Inadequacy of Natural Selection.—In nature, under the struggle for existence, the fittest will be preserved; and natural selection will operate toward the elaboration or the suppression of certain organs or certain characteristics when the elaboration or the suppression is of advantage to the animal form. Much has been said of late as to the inadequacy of natural selection. Herbert Spencer and Huxley, both accepting natural selection as one of the factors, doubted its complete adequacy.
One point is often overlooked, and should be brought out with clearness; viz., that Darwin himself was the first to point out clearly the inadequacy of natural selection as a universal law for the production of the great variety of animals and plants. In the second edition of the Origin of Species he says: "But, as my conclusions have lately been much misrepresented, and it has been stated that I attribute the modification of species exclusively to natural selection, I may be permitted to remark that in the first edition of this work and subsequently I placed in a most conspicuous position,—namely, at the close of the introduction—the following words: 'I am convinced that natural selection has been the main, but not the exclusive means of modification.' This has been of no avail. Great is the power of steady misrepresentation.
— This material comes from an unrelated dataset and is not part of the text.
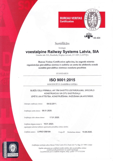 Uzņēmumam ir piešķirts ISO 9001:2015 standarts, kas apliecina mūsu klientiem to, ka mēs rūpējamies par savu preču un pakalpojumu kvalitāti, uzturot kvalitātes vadības sistēmu, periodiski izejot neatkarīgu auditoru pārbaudi un apliecinot sistēmas efektivitāti ar sertifikātu.
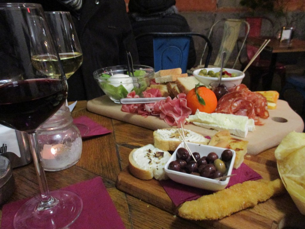 Retour à Chiavari pour terminer cette belle journée bien chargée, et le moins qu’on puisse dire c’est que nous allons être bien nourris ! Naïfs que nous sommes, avions-nous donc oublié ce qu’il se passe lorsque l’on commande deux bières à l’heure de l’apéritif ? La planchette qui nous rejoint à la table du Piccolo Bar place Mazzini est absolument magnifique… mais pas suffisante tout de même pour nourrir deux aventuriers. Alors nous migrons pour manger ailleurs, et reprenons une planchette à partager qui s’avère être gargantuesque, une merveille mêlant viande, fromages et fruits. De quoi bien reprendre des forces (et bien dormir).

But the history of science shows that fortunately this power does not long endure."
The reaction against the all-sufficiency of natural selection, therefore, is something which was anticipated by Darwin, and the quotation made above will be a novelty to many of our readers who supposed that they understood Darwin's position.
Confusion between Lamarck's and Darwin's Theories.—Besides the failure to understand what Darwin has written, there is great confusion, both in pictures and in writings, in reference to the theories of Darwin and Lamarck. Poulton illustrated a state of confusion in one of his lectures on the theory of organic evolution, and the following instances are quoted from memory.
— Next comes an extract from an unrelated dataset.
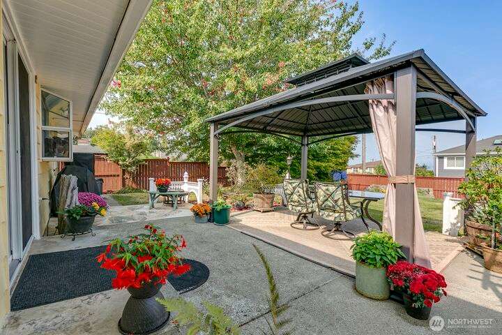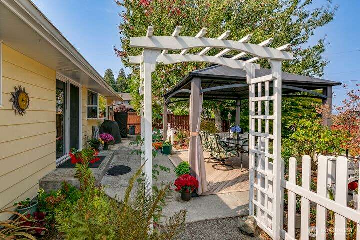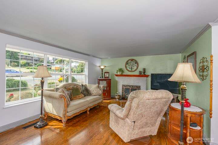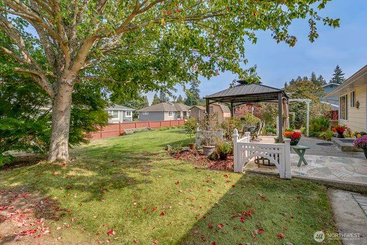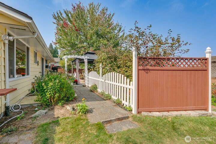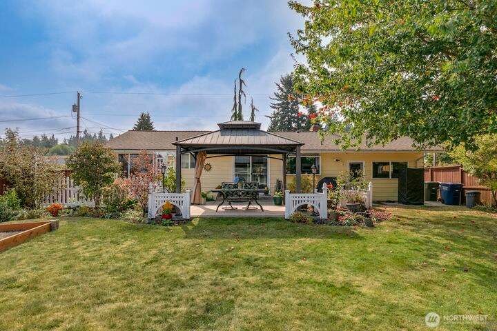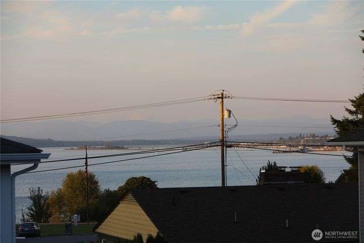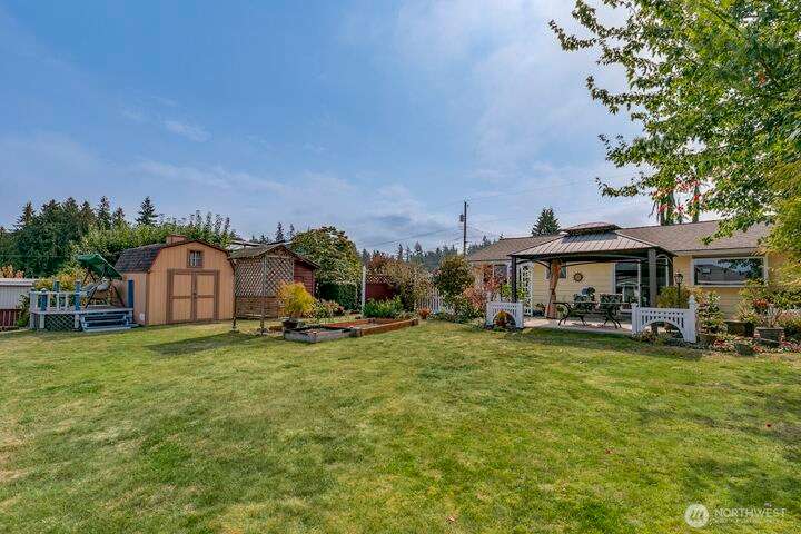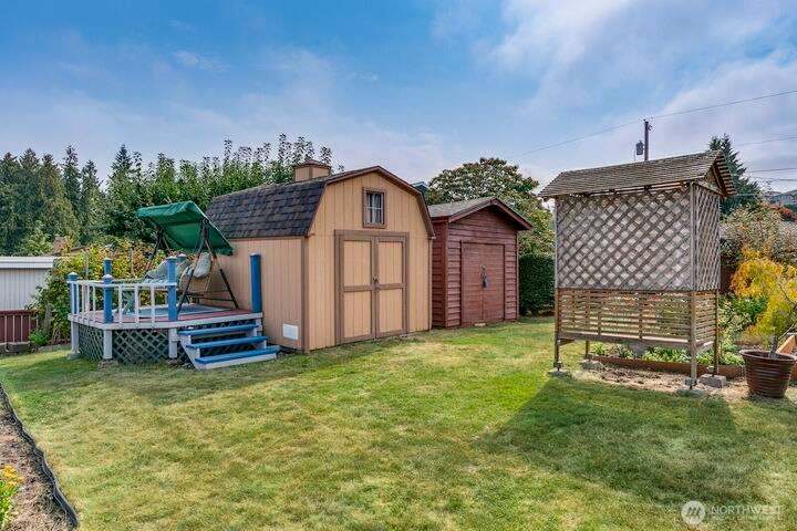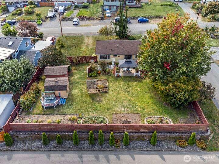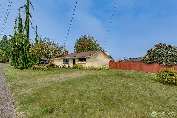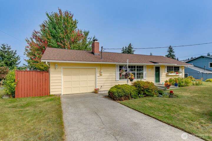 Fantastic opportunity off of Mukilteo Blvd (by Harborview Park)! This one-story home sits on a large level lot (.28 acres) that features a covered patio, two sheds, and some views of Puget Sound, the Olympic Mountains, and city fireworks! This quaint rambler offers two bedrooms, a full bathroom, gorgeous hardwood floors, a gas fireplace in the living room, and a kitchen with huge garden window that looks out over the expansive back yard. A great location - equidistant from Everett's exciting Waterfront Place and old-town Mukilteo's restaurants and beach. The garage has been partially finished and is great for an office or second TV room. Extra storage and RV parking. Don't miss out on this home!

We are most of us familiar with such pictures as the following: A man standing and waving his arms; in the next picture these arms and hands become enlarged, and in the successive pictures they undergo transformations into wings, and the transference is made into a flying animal.
Such pictures are designated "The origin of flight after Darwin." The interesting circumstance is this, that the illustration does not apply to Darwin's idea of natural selection at all, but is pure Lamarckism. Lamarck contended for the production of new organs through the influence of use and disuse, and this particular illustration refers to that, and not to natural selection at all.